In 2006 the NSW Local Government Association (LGA) policy working group chaired by Newcastle City Councilor Ian McKenzie recommended the association apply for an Environmental Trust grant to establish a program promoting urban forestry to local government. At this time the working group also moved to sponsor me to attend a European workshop titled Communication in Urbanised Forestry and Green-Space Management. My participation in the communication course was supported by funding from:

  • NSW Local Government Association
  • NSW Local Government Tree Resources Association
  • Clover Moore, Lord Mayor, City of Sydney
  • The International Society of Arboriculture Australian Chapter
  • Sylvia Hale, MLA – NSW Upper House.

The communication course introduced key theories and tools in the following themes:

  1. Forestry and Green-space management serving urbanised societies
  2. Media relations
  3. Politics and lobbying
  4. Marketing and branding
  5. Communicating with the public

The course addressed the implications for green-space and urban forest management from surging global population growth, with urban forestry, community forestry, green-structure planning and urban greening presented as examples of innovative responses.

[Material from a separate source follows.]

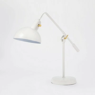 Bring ambient lighting to your work station with this Cantilever Task Table Lamp from Threshold™ designed with Studio McGee. This LED lamp features a round base, a slender body and a dome-shaped shade to add a stylish touch to your desk or end table. The metal desk lamp features an adjustable arm so you can find the angle that offers the best light for going over paperwork or reading a book. You’ll appreciate its dimmer effect that lets you adjust the amount of light and helps change the visual appearance and mood of your space. Place it on top of an end table next to a cozy chair or on top of your desk for an effortless look you’ll love.
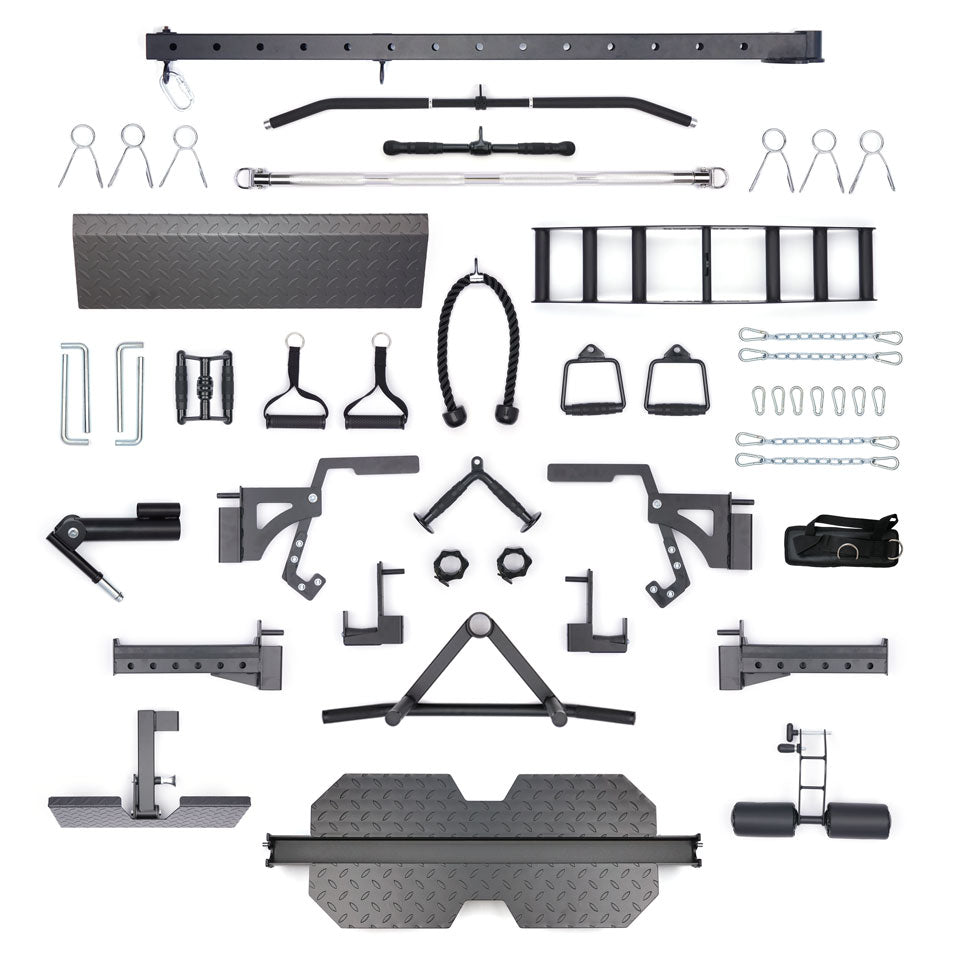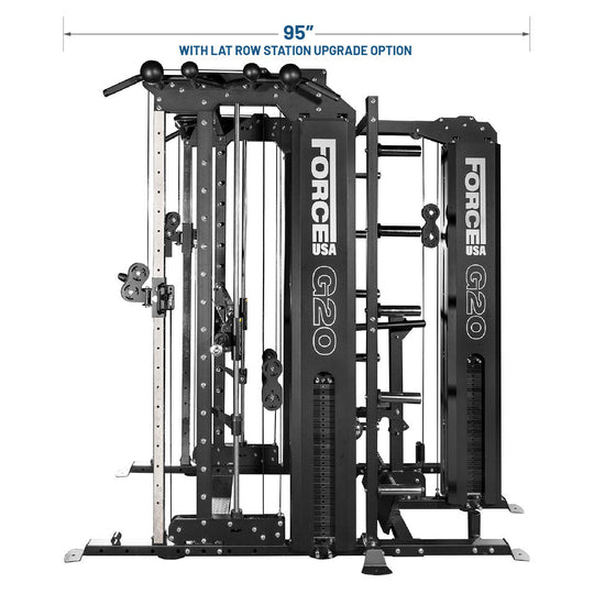 Level up your Force USA G20 All-In-One Trainer with the Lat Row Station Upgrade. Combines a low row, lat pulldown, and dip station into one compact footprint!

By the end of the five day course I was convinced that a well developed urban forest marketing and branding strategy could be a powerful, effective promotional tool if combined with a communications strategy using media relations and political lobbying.

This paper provides a glimpse of the global population growth phenomenon and an overview of marketing and branding tools. It looks at how these tools might be used to support green-space and urban forest management in Australian urban centers.

What’s happening with global population?

According to a 2007 UN population report humanity will make the transition from a rural to an urban species in 2008 (Anon. 2007). The executive director of the UN Population Fund, Ms Thoraya Obaid characterises current population growth as unprecedented in human history and predicts that by 2008 half of the world's population will be urbanised.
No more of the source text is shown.